Categorical variables were compared by using Pearson χ2 or Fisher exact test. The normal distribution of the continuous variables data was evaluated with the use of a Kolmogorov-Smirnov test, and a log transformation was used for the nonnormal data. Thus, our data were expressed as the mean ± SD. Continuous variables were analyzed with a one-way ANOVA and an ANOVA for repeated measures with a Bonferroni test for the post hoc analysis. The relative risk (RR) was calculated with a 95% CI for composite outcomes and for each alteration of glucose homeostasis. Forward, stepwise, multivariate, logistic regression analysis was performed to identify independent predictors of a persistent glucose metabolism impairment. Statistical significance was set at P < 0.05.

RESULTS

Before pregnancy, the cases and controls were significantly (P < 0.05) different by the Ferriman-Gallwey score and for testosterone, androstenedione, dehydroepiandrostenedione, sex-hormone binding globulin, free androgen index, and fasting insulin levels and HOMA-IR (data not shown). No other significant differences in any clinical and biochemical data were detected between the cases and controls (data not shown).
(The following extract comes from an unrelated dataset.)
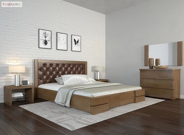 Дерев'яне ліжко Регіна Люкс Arbor Drev - з натурального дерева найвищого гатунку, виготовлене українською фабрикою Арбор Древ. Ліжко Regina Lux Arbor Drev - стильне, граційне з вишуканим європейським сучасним стилем, який ідеально підкреслить інтер'єр спальної кімнати. Ліжко виконане з натурального дерева бука або сосни на вибір, і покрита гіпоалергенним лаком італійського виробництва. Регіна Люкс Арбор Древ характеризується правильними геометричними формами, високим м'яким узголів'ям, яке надасть неймовірного комфорту при читанні книги, перегляду фільму або роботі за ноутбуком; підйомним механізмом на вибір: розбірним металевим каркасом або стандартним фанерним з коробом для зберігання речей; масивним підніжжям з прямокутними накладками; квадратними ніжками. Ліжко комплектується міцними гнутими ламелями товщиною 5,3 мм та відстанню між ними 4,5 см. Спальне місце під матрац у розмірі 160х200 см забезпечить комфортний сон для дорослого або дитини. Матрац купується окремо.

At the same time, the distribution between cases and controls of obese (15 [35.7%] vs. 33 [39.3%], respectively), overweight (19 [45.2%] vs. 38 [45.2%], respectively), normal weight (6 [14.3%] vs. 9 [10.7%], respectively), and lean (2 [4.8%] vs. 4 [4.8%], respectively) subjects was not significantly (P = 0.865) different. Similarly, no significant (P = 0.776) difference between the cases and controls was detected in the incidence of patients with IGT (6 [14.3%] vs. 14 [16.7%], respectively) and IFG (5 [11.9%] vs. 15 [17.9%], respectively).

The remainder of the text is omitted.